Multispectral mapping of seagrass has been done where bottom details in clear, calm ocean water have been mapped with penetration of about 20 m between the wavelengths of 0.48 to 0.60 μm using Landsat TM data (Smith and Jensen, 1998). A limitation of this method is that although blue wavelengths have the maximum penetration, extensive scattering occurs resulting in an “underwater haze”. Penetration of only a few metres was obtained using the red wavelength.
Application of Remote Sensing, in most cases, is limited to determination of only a few water quality indicators (Engman et al., 1991). A summary of water quality parameters and the type of Remote Sensing technique useful for water quality monitoring is given in Table 1.
REMOTE SENSING IN WATER RESOURCES MANAGEMENT
Remote Sensing techniques have been used extensively in the past for various applications in the management of global water resource. A summary of such applications in various scientific investigations is given below:
Runoff and Hydrological Modelling
Although it is not possible to directly measure surface runoff by Remote Sensing techniques, they can be used in research areas like (a) determining watershed geometry, drainage network and other map-type information for distributed hydrologic models and for determining empirical flood peak, annual runoff or low flow equations and (b) providing input data like soil moisture or delineated land use classes, which are used for determining runoff co-efficient.
Remotely sensed data, particularly Landsat, Thematic Mapper (TM), Système Pour l'Observation de la Terre (SPOT), MLA data and Indian Remote Sensing Satellite (IRS) data has been used for calculation of drainage basin area and stream network density. Quantitative geomorphic information has been extracted from analysis of Landsat imagery (Haralick et al., 1985).
Remote Sensing can provide attribute data of suitable spatial resolution, which is extremely valuable as model inputs. Panchromatic stereo imagery from IRS-1C and IRS-1D can be used to develop a Digital Elevation Model (DEM) with horizontal resolution of 5.8 m whereas Cartosat-1 panchromatic data can be used with horizontal resolution of 2.5 m. A new technology, known as Interferometric Synthetic Aperture Radar (InSAR) has beenused to demonstrate similar horizontal resolution and about 2 m of vertical resolution (Zebker et al., 1992).
Distributed hydrologic models require information on spatial land use. Most of the research on hydrological modeling using Remote Sensing has involved the Soil Conservation Service (SCS) Runoff Curve Number Model (USDA, 1972). Hydrologic Engineering Center (HEC-1) model was used to demonstrate the efficacy of using Remote Sensing for re-computation of hydrologic variables.
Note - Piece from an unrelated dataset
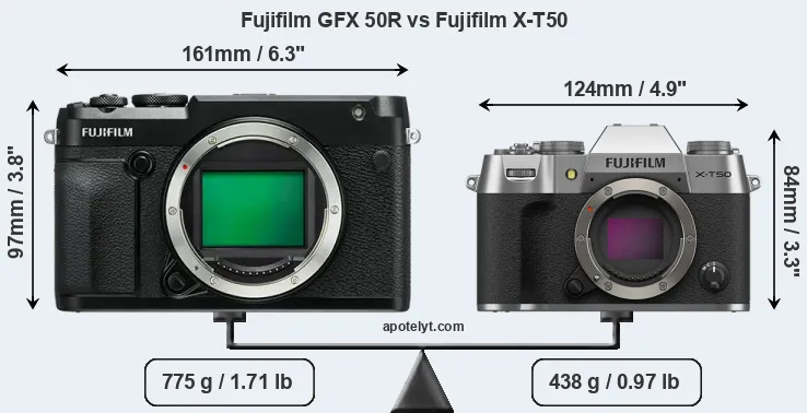 La Fujifilm GFX 50R y la Fujifilm X-T50 son dos cámaras digitales que fueron reveladas al público, respectivamente, en septiembre de 2018 y mayo de 2024. Ambas son cámaras cámara de objectivos intercambiables sin espejo, que están equipados con un sensor de formato medio (GFX 50R) y un sensor de fotograma APS-C (X-T50). La GFX 50R tiene una resolución de 51,1 megapíxeles, mientras que la X-T50 proporciona 39,8 MP.

HEC-1 model was used in integrating detailed land use data from Landsat TM, which resulted in 90% cost cuts in upgrading dams and spillways constructed on Sable River, Australia (Mettel et al., 1994). Distributed Hydrologic Modeling was done in the USA where a Group Response Unit based on interpretation of satellite data was evoked (Kouwen et al., 1993). Hydrological modeling and GIS has been used in similar studies in small watersheds in India (Hari Prasad et al., 1997).
GIS techniques can be used to integrate spatial data forms like topography and soil maps with hydrologic variables like rainfall distribution or soil moisture. The impact of land use change on Mosel River Basin, USA was quantified by using hydrologically similar units by DEM data, soil maps and satellite based land use data. The satellite data was also used to determine Normalized Difference Vegetation Index (NDVI) and Leaf Water Content Index (LWCI), which were combined to delineate areas where a subsurface supply of water is available to vegetation (Ott et al., 1991, Schultz, 1993, Schultz et al., 2000).
India is one of the most disaster prone geographical zones in the world. It has been estimated that a loss worth more than $300 million (about Rupees 1500 Crore) was incurred annually as a result of damage caused by flood and cyclone in India. In the list of worst flood affected countries, India stands second after Bangladesh (Agarwal and Narain, 1991) and accounts for one fifth of global death count due to floods. It has been estimated that about 40 million hectare (Mha) or nearly one eighth of India’s geographical area is flood prone.
In every aspect of flood management like preparedness, prevention and relief, space technology has made substantial contribution. Information acquired through Remote Sensing covers wide area, periodicity and spectral characteristics and is especially useful in comparing data before and after the flood. The utility of satellite Remote Sensing has been demonstrated operationally for mapping flood inundated areas. Major floods and cyclones that occurred in India were mapped in near real time and information was provided toconcerned agencies. Partially cloud free data was acquired, analysed and interpreted in near real time by IRS series satellites. IRS-1C, IRS-1D, IRS-P6, Cartosat-1, Cartosat-2, Radarsat and Earth Resource Satellite (ERS) were used and are being used for flood inundation mapping, estimation of flood damage and infrastructure loss.
Watershed management is an integral part of any water resources project. The prioritization of a watershed is based on calculation of sediment yield potential so that treatment of the watershed would result in minimizing sediment load into the river or a reservoir. Remote Sensing techniques have been used in a distributed parameter watershed model (Leavesley et al., 1990). Satellite data has been used extensively in many watersheds in India like Jurala (Krishna River Basin), Asan (Yamuna River Basin), Ukai (Tapi River Basin) etc. forderiving the parameters of the Sediment Yield Index (SYI) Model to provide quantitative silt load estimates in watersheds developed by the All India Soil and Land Use Survey, Ministry of Agriculture, Government of India.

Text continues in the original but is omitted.